Le è bastata una semplice apparizione pubblica per fare una vera e propria strage di cuori.

Cantante?

Attrice?

No, Alfa Romeo!

È stato un vero e proprio compleanno col botto, quello festeggiato dalla casa automobilistica lombarda, che invece di riceverli, i regali li fa. Nel centocinquesimo anniversario della sua nascita, infatti, l’Anonima Automobili ha presentato la sua nuova, strabiliante creazione: un misto di innovazione e ritorno al passato. Lanciata per la prima volta il 27 giugno del 1962, l’Alfa Giulia era un prodotto all’avanguardia: pensata per essere l’erede della Giulietta, essa fu riproposta in molteplici versioni negli anni successivi, sempre colpendo nel segno e passando alla storia come “l’auto disegnata dal vento”.

Ed ecco che, dopo quasi mezzo secolo, colpisce ancora il design, elegante e sportivo allo stesso tempo, manifestazione della volontà ferrea di impressionare il mercato e imporsi come concorrente capace, non solo sul piano nazionale.

ECCO IL VIDEO DI PRESENTAZIONE:


 

E adesso qualche dettaglio.

Presentata ad Arese, la nuova Giulia (nella versione Quadrifoglio) è un po’ più grande delle auto rivali marchiate Mercedes, Audi, BMW; parliamo, infatti, di circa 4,80 metri di lunghezza con passo di 282 cm, per una struttura creata ad arte con materiali leggeri, come fibra di carbonio per cofano e tetto, e alluminio per porte e parafanghi.

La trazione è tradizionale, posteriore con distribuzione dei pesi ripartita al cinquanta e cinquanta (nonostante per anni si sia parlato di una possibile trazione anteriore); per alcune versioni, comunque, è prevista la possibilità di introdurre la trazione integrale.

Dentro il cofano spicca un V6 biturbo d 510 CV in alluminio derivato dal motore Ferrari pensato per le Maserati Ghibli e Quattroporte, in grado, tra le altre cose, di disattivare automaticamente i cilindri a basso carico e garantire così consumi relativamente bassi. Rapporto peso/potenza di 2,99 kg/CV con velocità massima 320 km/h, poi, rendono il gioiellino un proiettile di stile, in grado di arrivare da 0 a 100 km/h in meno di 4 secondi.

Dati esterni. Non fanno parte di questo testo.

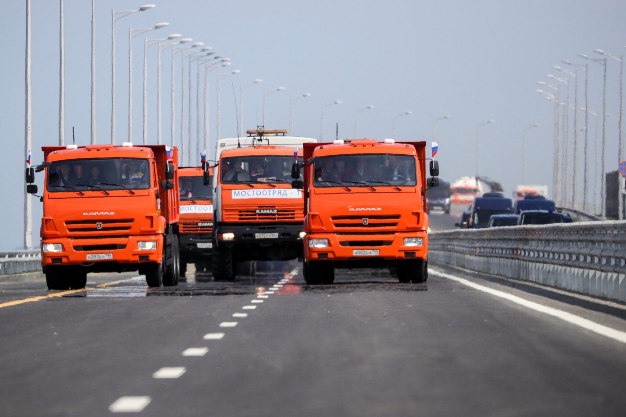 Το φορτηγό, με οδηγό τον Πρόεδρο Πούτιν τον οποίο συνόδευε ο επικεφαλής του έργου κατασκευής της γέφυρας Αλεξάντρ Οστρόφσκι, τέθηκε επικεφαλής της πομπής αυτοκινήτων και μηχανημάτων που είχαν χρησιμοποιηθεί για την κατασκευή της γέφυρας Η αυτοκινητοπομπή, αποτελούμενη από 36 οχήματα, ξεκίνησε από την πλευρά της Ρωσίας, διανύοντας 19 χιλιόμετρα της γέφυρας, για να φθάσει στο έδαφος της Κριμαίας μετά από περίπου 20 λεπτά. Μόλις έφθασε, ο πρόεδρος Πούτιν κατέβηκε από το φορτηγό και απηύθυνε χαιρετισμό σε όλους όσοι είχαν συμμετάσχει στην κατασκευή της γέφυρας και είχαν συγκεντρωθεί για να γιορτάσουν τα εγκαίνιά της με μια συναυλία στην οποία συμμετείχαν γνωστοί Ρώσοι ερμηνευτές.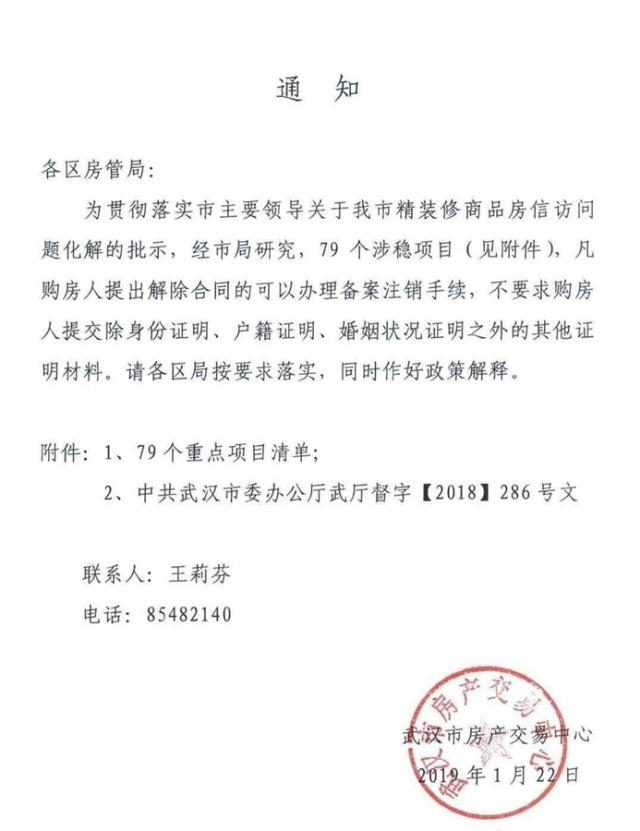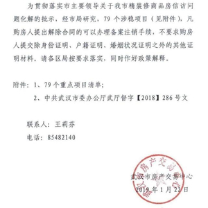 1月22日,网上流传一份由武汉市房产交易中心发布的通知,据称,为贯彻落实武汉市主要领导关于武汉市精装修商品房信访问题化解的批示,经市局研究,79个涉稳项目,凡购房人提出解除合同的可以办理备案注销手续,不要求购房人提交除身份证明、户籍证明、婚姻状况证明之外的其他证明材料。

Utilizzando una manopola è, poi, possibile intervenire direttamente sulla risposta del motore, dell’Esp, del servosterzo e del differenziale elettronico posteriore selezionando quattro modalità differenti: Natural, Advance Efficiency, Dynamic e Race.

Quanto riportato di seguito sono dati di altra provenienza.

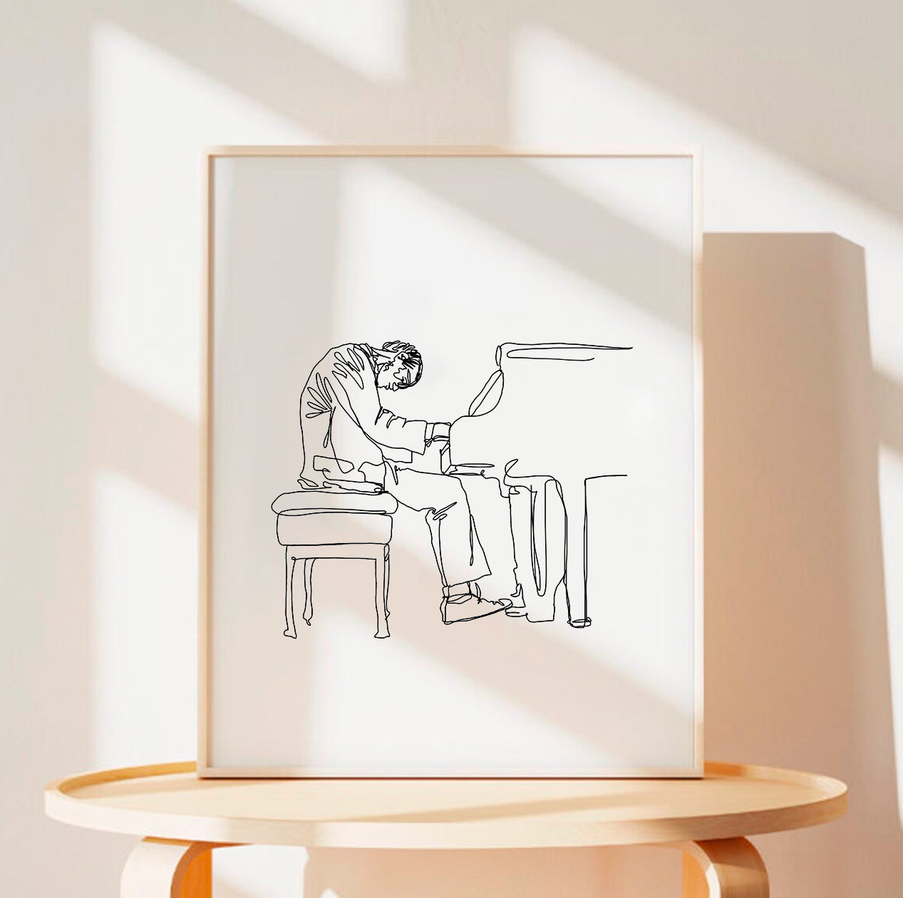 Minimal wall art featuring Bill Evans at his piano, drawn in one continuous line style.

E a condire il tutto…pulsante di avviamento sul volante, proprio come nelle Ferrari!

E adesso consigli per gli acquisti…

Bisognerà attendere la fine dell’anno per poterla ordinare; prima verrà presentata al grande pubblico, con tanto di fanfara, al Salone di Francoforte previsto per il prossimo settembre.

La messa in vendita, invece, è prevista solo per marzo-aprile 2016: versione base da 4 cilindri 2.0 turbo con tre livelli di potenza da 180, 250 e 350 CV; possibile anche il turbodiesel 3.0 a 6 cilindri, con doppio turbocompressore e nuova testata a 4 valvole per cilindro da 340 CV, e il 2.2 a gasolio con 4 cilindri a 135, 180 o 210 CV.